### PROBLEM TO SOLVE
In the entries that follow, find the word "مستويات" and report each line it is on.

═══ INPUT DATA

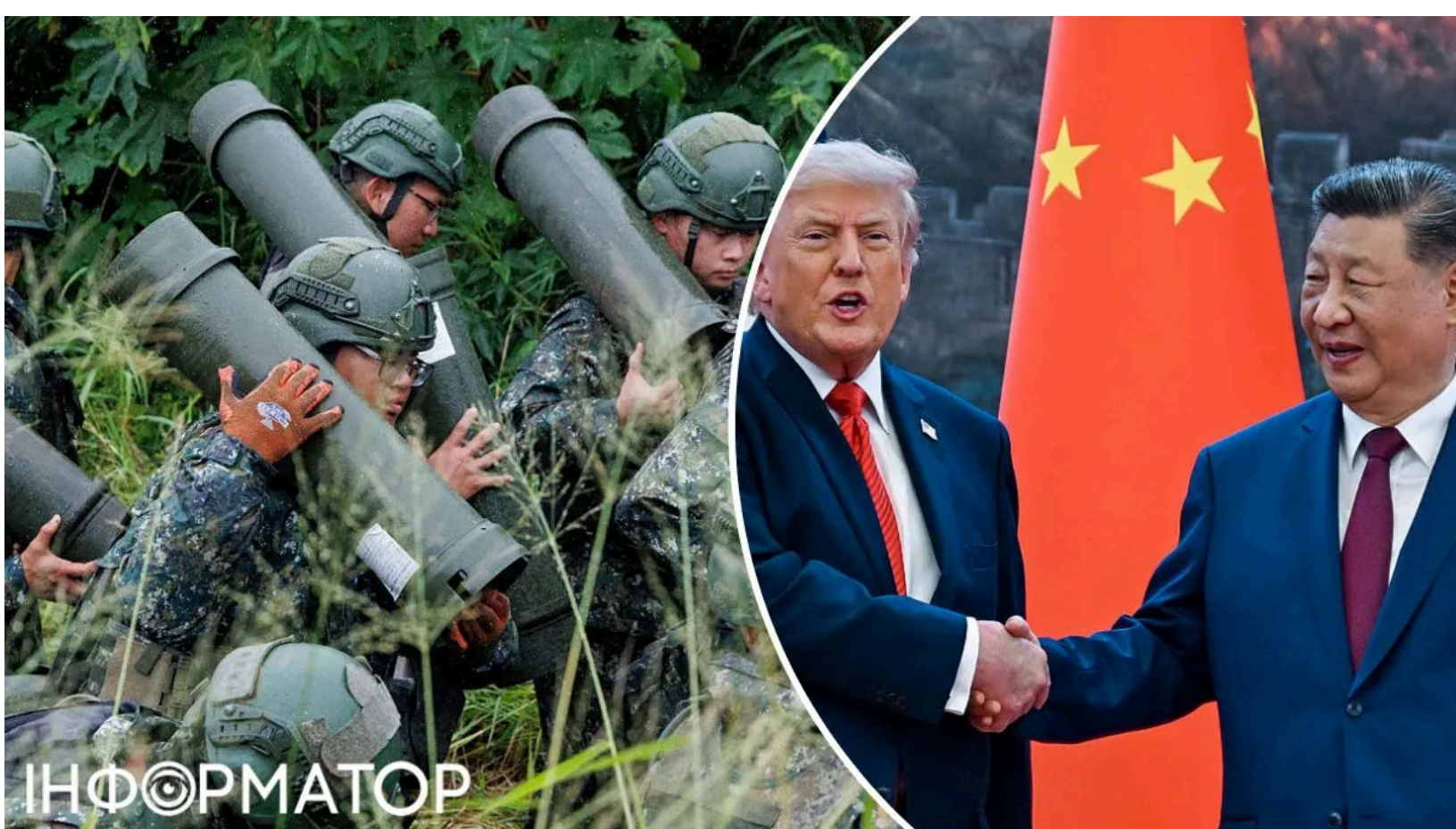
Армія Тайваню проводить навчання на тлі зближення США та Китаю

Лідерка головної опозиційної партії Тайваню закликала Вашингтон і Пекін припинити торгуватися островом як звичайною розмінною монетою. Заява пролунала за кілька тижнів після саміту Дональда Трампа та Сі Цзіньпіна - і відразу викликала резонанс по обидва боки Тихого океану. Особливої гостроти їй додала позиція самого Трампа, який після Пекіна публічно поставив під сумнів готовність США захищати острів і назвав продаж зброї Тайбею "козирем у переговорах" з Китаєм.
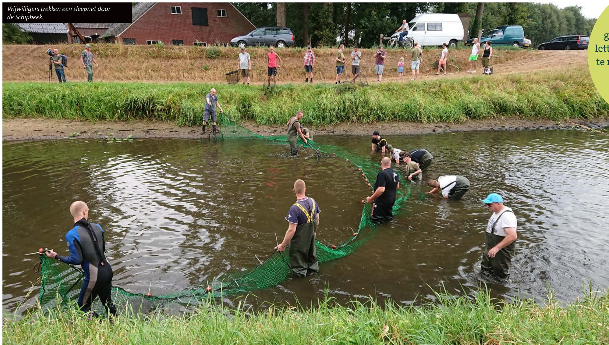
Vrijwilligers trekken een sleepnet door de Schipbeek.

Vele vrijwilligers gingen afgelopen zomer letterlijk te water om vissen te redden uit droogvallende beken en andere waterlopen
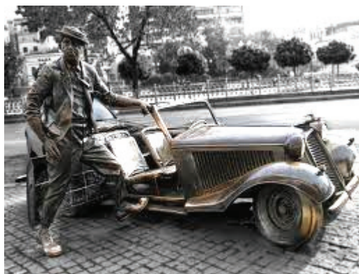
Пам'ятник Юрію Нікуліну в Москві

В Одесі багато приїжджих громадян прагнуть побувати в саду скульптур літературного музею. Тут, зокрема, можна побачити пам'ятник легендарному автомобілю «Антилопа-Гну», описаному в романі Ільфа і Петрова «Золоте теля». Перед вами золотом горить автомобіль-розвалюха, в якому розмістився безсмертний екіпаж пройдисвітів. За кермом сидить автомеханік Адам Козлевич, а тримаючись за його плече стоїть на сидінні син турецько підданого Остап Бендер. Шура Балаганов через борт допомагає залізити в автомобіль на ходу Михайлу Паніковському з вкраденим гусаком під рукою. Так відображена автогонка «синів лейтенанта Шмідта» за чужими грошима. В Москві біля цирку на Цвітному бульварі споруджено пам'ятник славнозвісному коміку, народному артисту СРСР Юрію Нікуліну. Він стоїть поряд з автомобілем, що нагадує той, на якому роз'їжджала відома кінотрійця Бувалій (Ю. Моргунов), Трус (Г. Віцин) і Балбес (Ю. Нікулін) в кінокомедіях кінорежисера Гайдая «Операція И», та «Кавказька полонянка».
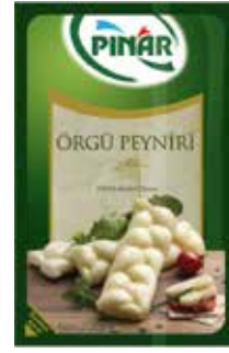
Örgü Peyniri 200 gr.
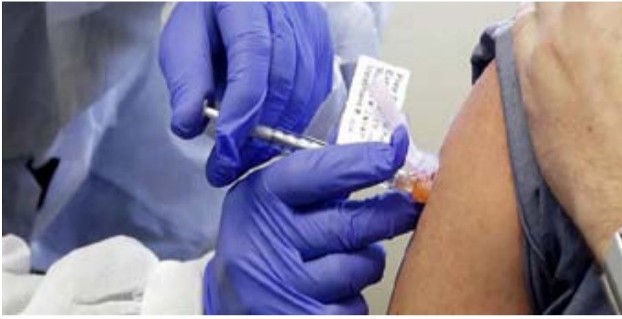
وقالت مراكز مكافحة الأمراض والوقاية منها إن الآثار الجانبية شائعة، لكنها خفيفة. إن حدوث استجابة مناعية، إنه أحد مستويات عالية من الحماية ضد الفيروس.

وقال مايكل ووربي، أستاذ علم الأحياء التطوري بجامعة أريزونا: "مع الجرعة الأولى، يتعين عليك توليد استجابة مناعية من الألف إلى الياء". وقالت مراكز مكافحة الأمراض والوقاية منها إن الآثار الجانبية شائعة، لكنها خفيفة. إن حدوث استجابة مناعية، إنه أحد مستويات عالية من الحماية ضد الفيروس.
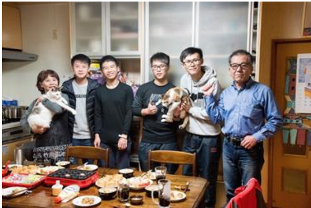
和寄宿家庭參觀橿原神宮
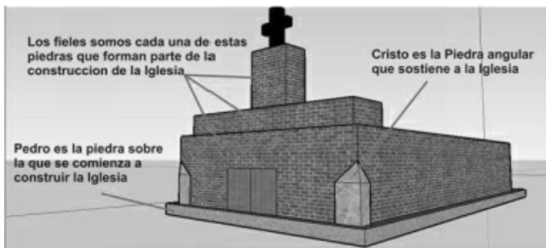
Ilustración 2 Diagrama sobre el uso de "piedra"

El texto de Mateo 16, 18 se refiere a Pedro como piedra.
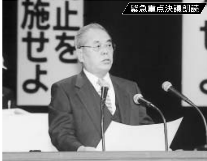
全国町村会副会長 京都府園部町長
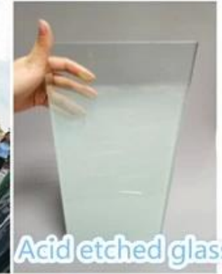
Acid etched glass
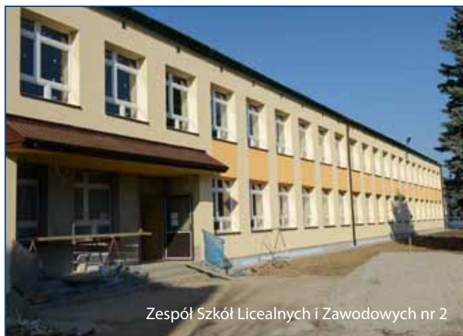
Zespół Szkół Licealnych i Zawodowych nr 2
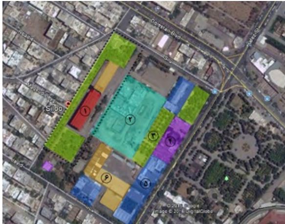
نقشه ۵- سایت مورد نظر و موقعیت سیلو در میان کاربری‌های موجود در سایت: ۱. سیلو / ۲. سایت تالار مهر شیراز / ۳. باغ / ۴. بخش‌های اداری / ۵. مهمانسرا و خانه‌های سازمانی / ۶. انبارها سیلو.

══════

### RESPONSE BELOW
وقالت مراكز مكافحة الأمراض والوقاية منها إن الآثار الجانبية شائعة، لكنها خفيفة. إن حدوث استجابة مناعية، إنه أحد مستويات عالية من الحماية ضد الفيروس.
وقال مايكل ووربي، أستاذ علم الأحياء التطوري بجامعة أريزونا: "مع الجرعة الأولى، يتعين عليك توليد استجابة مناعية من الألف إلى الياء". وقالت مراكز مكافحة الأمراض والوقاية منها إن الآثار الجانبية شائعة، لكنها خفيفة. إن حدوث استجابة مناعية، إنه أحد مستويات عالية من الحماية ضد الفيروس.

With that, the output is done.